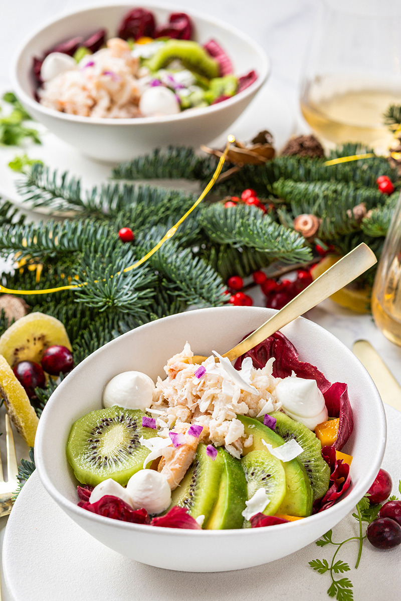 ⑤• Égoutter la chair de crabe et la déposer au centre du bol. Arroser les fruits et le crabe de vinaigrette.
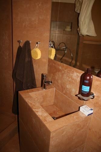 Гости могут расслабиться в гостином уголке и посмотреть телевизор. Апартаменты обставлены деревянной мебелью и украшены керамическими фигурками.
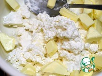 Смешать творог+размягченное сливочное масло |
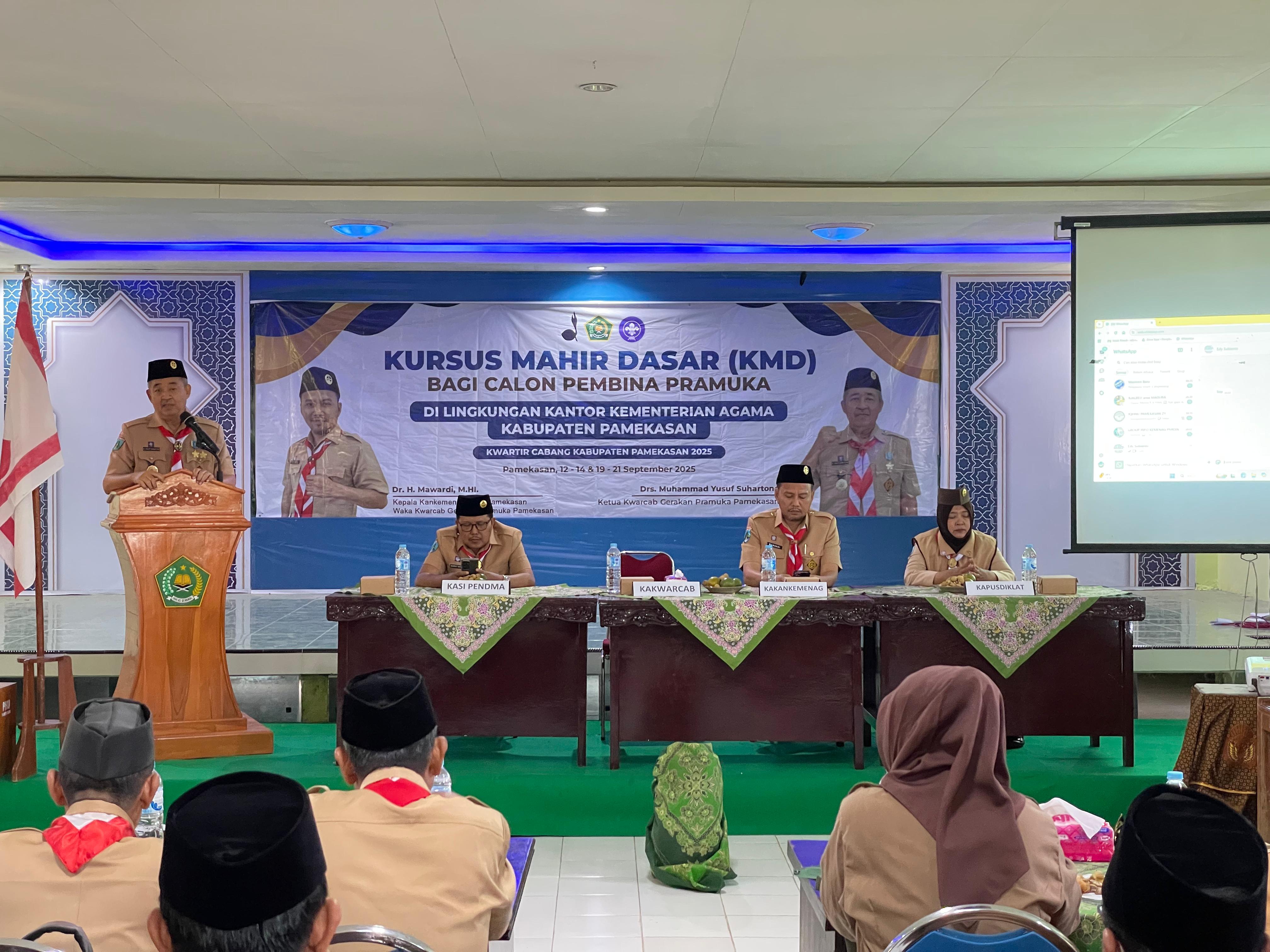 Suasana aula Kantor Kementerian Agama (Kankemenag) Kabupaten Pamekasan tampak semarak, Jumat (12/9/2025). Puluhan peserta dengan seragam pramuka lengkap berkumpul, menandai dimulainya Kursus Mahir Dasar (KMD) bagi calon pembina pramuka yang akan berlangsung hingga 21 September mendatang.

┄┄┄┄┄┄┄┄┄┄┄┄┄┄┄┄┄┄┄┄

Required action
Print exactly the line containing "Смешать творог+размягченное сливочное" and every line after it through the final line above, and leave all pictures out.

Output
 Смешать творог+размягченное сливочное масло |
 Suasana aula Kantor Kementerian Agama (Kankemenag) Kabupaten Pamekasan tampak semarak, Jumat (12/9/2025). Puluhan peserta dengan seragam pramuka lengkap berkumpul, menandai dimulainya Kursus Mahir Dasar (KMD) bagi calon pembina pramuka yang akan berlangsung hingga 21 September mendatang.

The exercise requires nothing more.